Quelles sont les limites de la liberté d’expression?

«La protection des libertés peut aller loin, et l’on peut être critique sur les mesures du gouvernement, mais quelqu’un qui va commencer à comparer la campagne de vaccination à l’Holocauste, par exemple, qui mettrait une étoile jaune sur soi parce qu’il n’est pas vacciné, qui expliquerait que la pandémie est un complot mis en place par Bill Gates par exemple, là, je pense que les limites de la liberté d’expression sont atteintes.

Que peut faire un employeur face à une telle situation?

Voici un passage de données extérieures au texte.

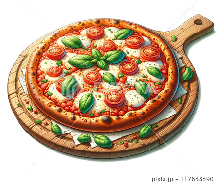 A delicious pizza with a golden crust, melted cheese, and savory toppings. Perfect for food-related designs, menus, or Italian-themed projects, capturing the essence of a classic comfort dish.
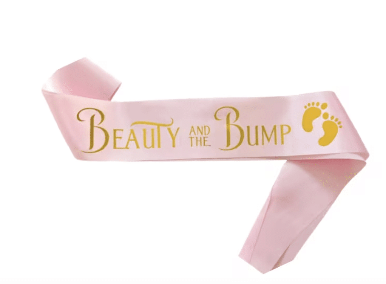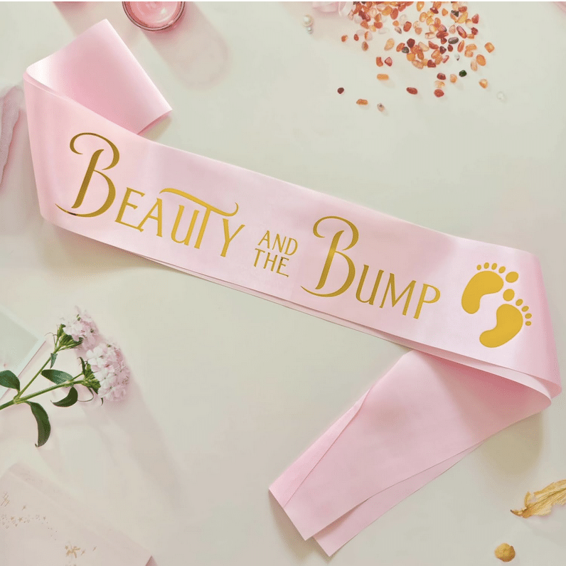 Отпразнувайте очакването на вашето малко съкровище със стил! Тази очарователна лента „Beauty and the Bump“ е идеалният аксесоар за всяка бъдеща майка, която иска да добави нежност и празнично настроение към своя специален ден. ✨🤱
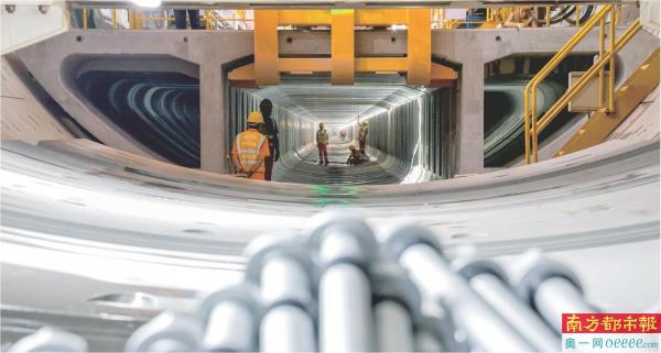 11月23日,施工人员在广(广州站)南(广州南站)联络线西塱隧道吊运隧道箱涵。该项目建成后,广州大都会交通枢纽功能将进一步增强。 新华社发

«Je dirais qu’il va déjà regarder la fonction du salarié en question, ainsi que son ancienneté. Il aura toujours plus de tolérance pour un ancien que pour un new joiner, qui se fait remarquer à défendre certaines bêtises. Pour autant, plus la position est élevée d’un point de vue hiérarchique, plus le degré de tolérance devrait diminuer, parce que le risque est d’autant plus élevé pour l’entreprise tout entière. Il faut regarder le degré de diffusion. Un managing partner, par exemple, qui répandrait des théories conspirationnistes sur les réseaux sociaux ou à l’intérieur de l’entreprise, peut pousser des clients à se désengager ou perturber la cohésion des équipes, et cela mettrait son entreprise dans une situation compliquée.

Cela pourrait donc aller jusqu’au licenciement?

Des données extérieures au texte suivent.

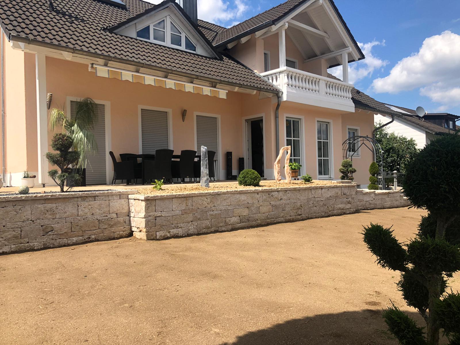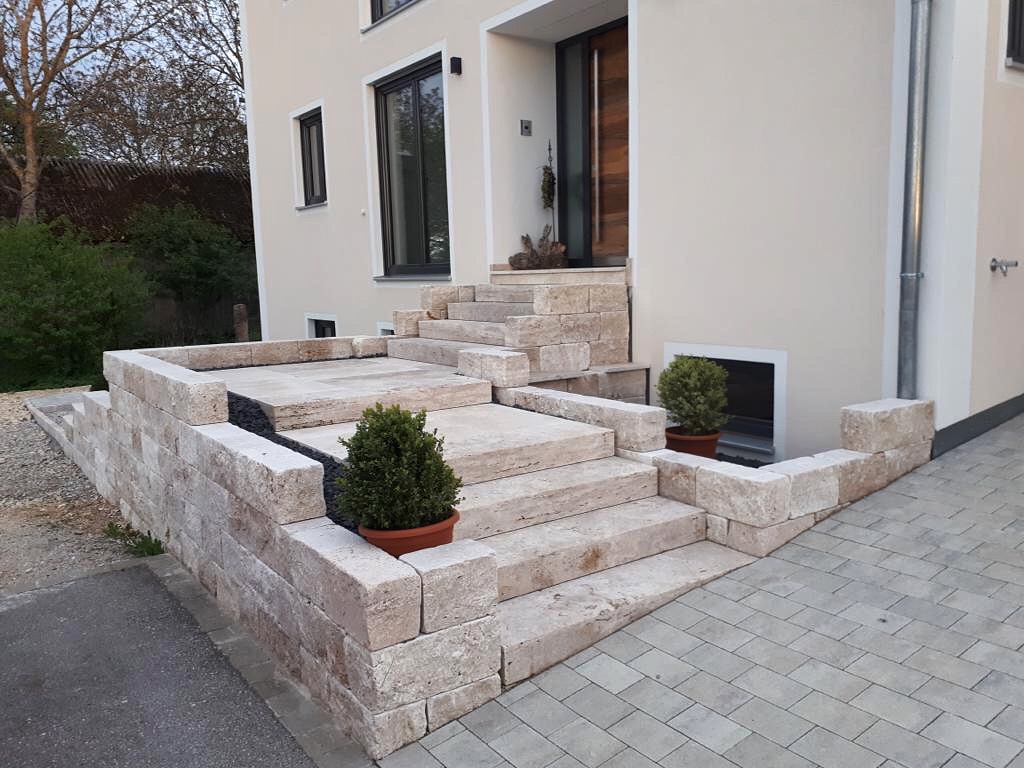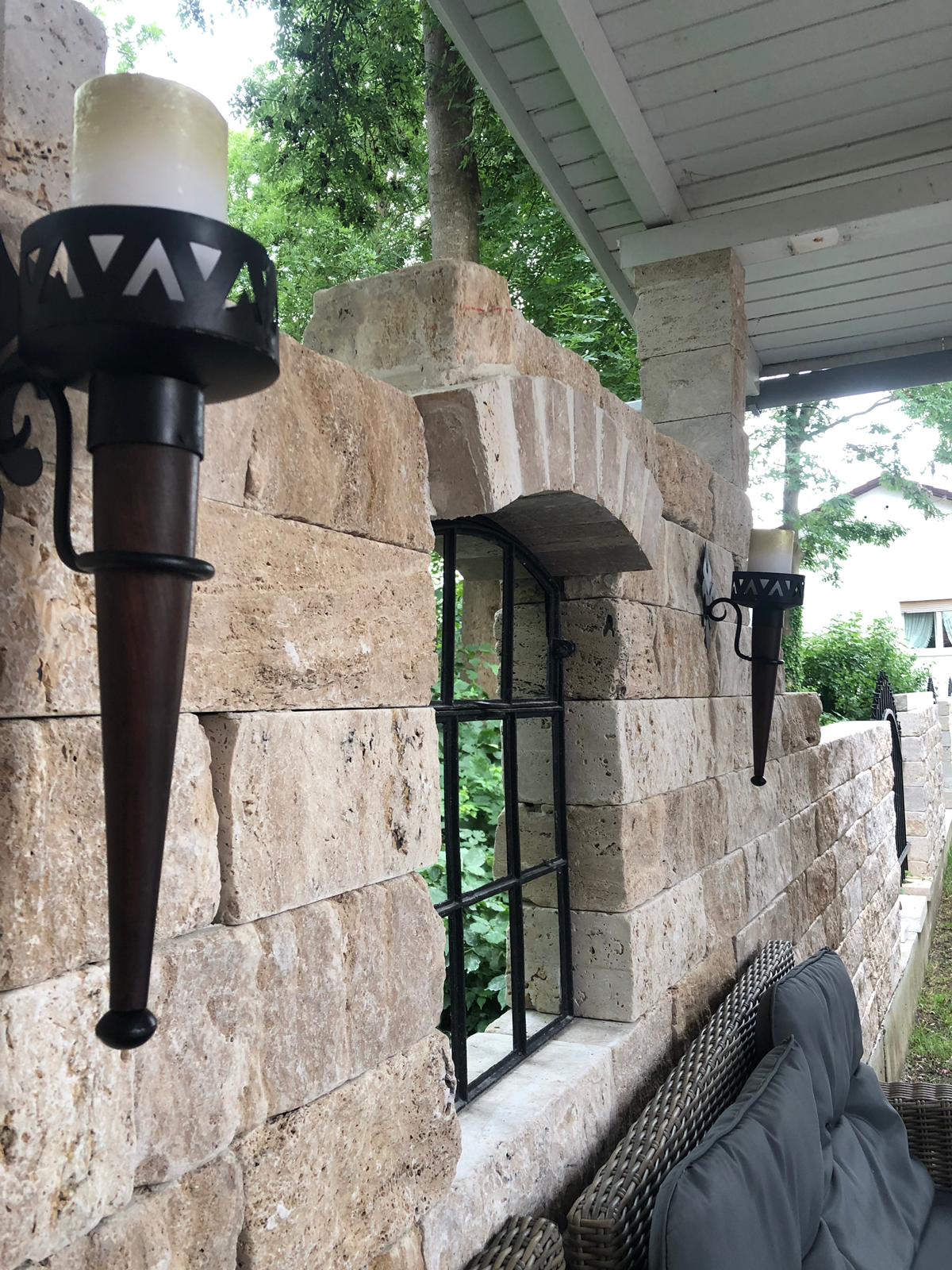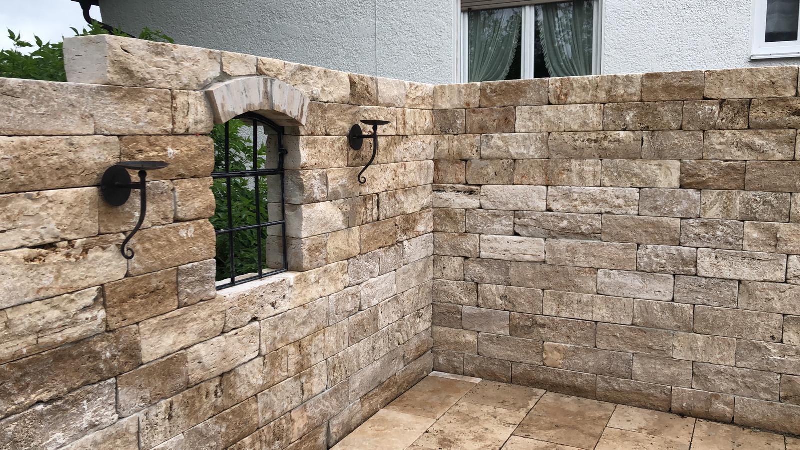 Sichtflächen gespalten und getrommelt Stoß und Lagerfugen gesägt.

«En premier lieu, l’employeur peut se dire qu’il a encore l’espoir de raisonner son salarié, et lui adresser un avertissement écrit. Il lui rappelle alors que son comportement risque de nuire à l’entreprise, de lui porter un préjudice réputationnel. Et si le salarié persiste, il devra réfléchir à le licencier avec effet immédiat pour faute grave. Et l’employeur aura peut-être d’autres motifs de licenciement.

L’employeur pourrait-il, par la suite, être poursuivi pour licenciement abusif?

«C’est un risque effectivement, mais il faut faire cet arbitrage. Est-ce qu’il vaut mieux laisser des bêtises se répandre et voir la réputation de son entreprise entachée, et saborder sa société? Il faut analyser la situation à tête reposée, et un autre problème est de prouver les propos et l’attitude du salarié que l’on souhaite licencier. Si la personne en question supprime ses posts sur les réseaux sociaux, il n’y a plus de preuves.

Idéalement, il faudrait le faire constater par huissier de justice, ou si des choses ont été dites en réunion, par exemple si un salarié harcèle ses collègues pour qu’ils signent une pétition contre la vaccination, il faut les témoignages de ces personnes. La défense que l’on voit souvent, ce sont des gens qui disent que leur compte a été hacké, une excuse aussi fréquente que peu crédible, mais il faut être préparé à cette réponse. L’employeur peut aussi se tourner vers d’autres motifs de licenciement, car si un groupe conspirationniste estime que l’un des leurs a été licencié pour leurs convictions, il peut aussi lancer une campagne de dénigrement contre l’entreprise, et cela aura encore des conséquences sur l’avenir de l’entreprise. Il faut éviter un débat qui peut être très clivant. Très souvent, les conspirationnistes disent qu’il faut respecter leur opinion, mais si ce sont des mensonges avérés, je n’ai pas à les respecter.»